__TASK GOAL__.
Taking the data below, please print only the lines from the line holding "Obraz premium overcast" to the line holding "Karın tadını çocuklar", inclusive, with pictures omitted.

__THE DATA__.
^^^^^^^^

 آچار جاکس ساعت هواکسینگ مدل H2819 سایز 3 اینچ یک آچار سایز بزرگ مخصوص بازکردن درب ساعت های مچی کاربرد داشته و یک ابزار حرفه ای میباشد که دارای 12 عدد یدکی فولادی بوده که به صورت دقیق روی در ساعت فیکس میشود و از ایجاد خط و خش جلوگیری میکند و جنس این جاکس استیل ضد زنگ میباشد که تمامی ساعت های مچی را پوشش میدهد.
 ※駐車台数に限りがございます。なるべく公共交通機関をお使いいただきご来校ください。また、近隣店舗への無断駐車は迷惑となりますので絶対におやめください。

^^^^^^^^

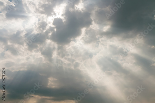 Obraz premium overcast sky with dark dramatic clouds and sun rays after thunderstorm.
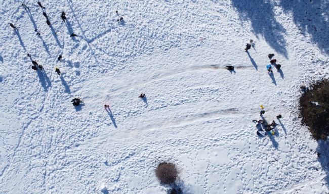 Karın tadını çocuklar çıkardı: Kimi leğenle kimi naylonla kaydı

^^^^^^^^

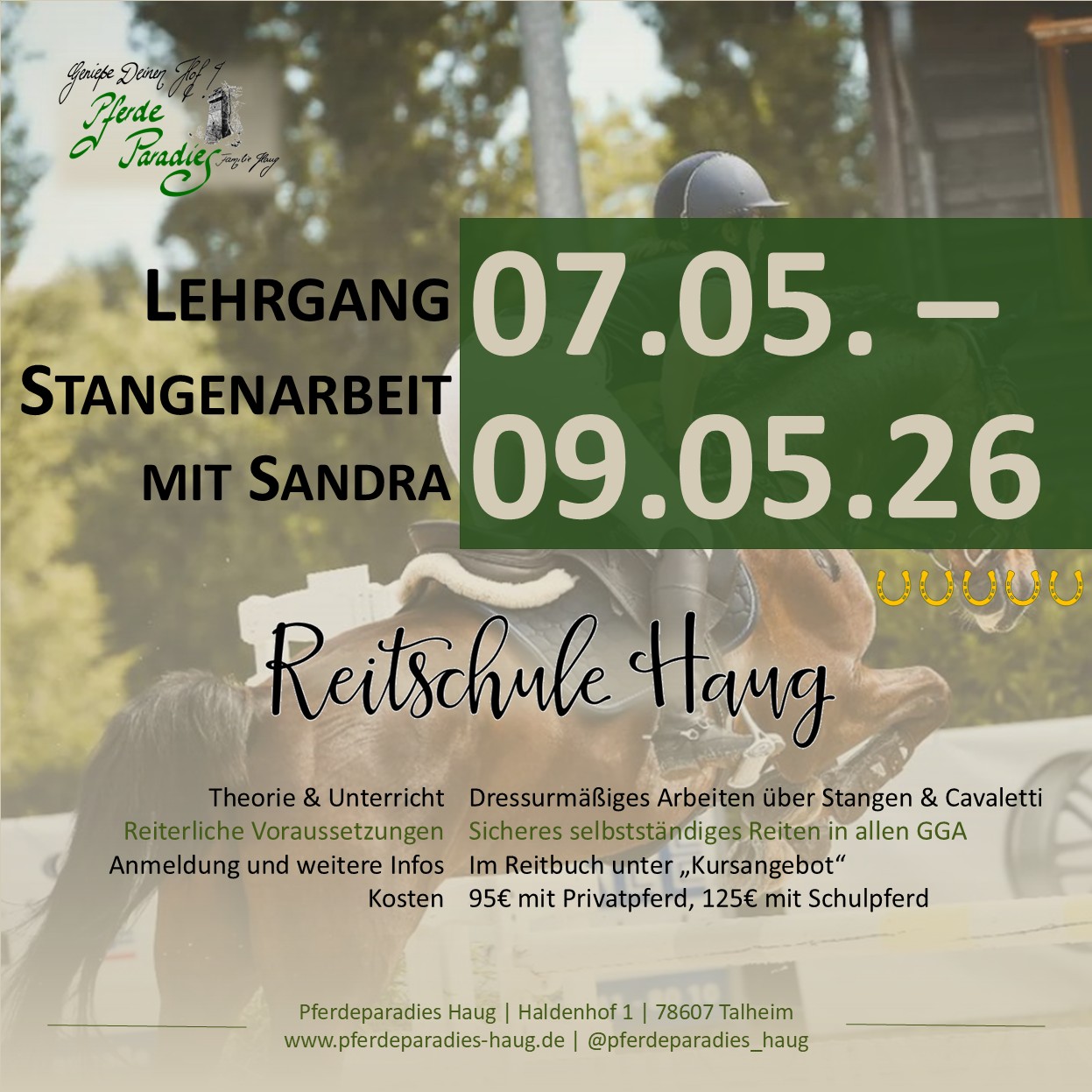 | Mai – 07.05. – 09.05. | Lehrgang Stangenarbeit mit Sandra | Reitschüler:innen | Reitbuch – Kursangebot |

^^^^^^^^

__RESPONSE TO THE TASK__.
 Obraz premium overcast sky with dark dramatic clouds and sun rays after thunderstorm.
 Karın tadını çocuklar çıkardı: Kimi leğenle kimi naylonla kaydı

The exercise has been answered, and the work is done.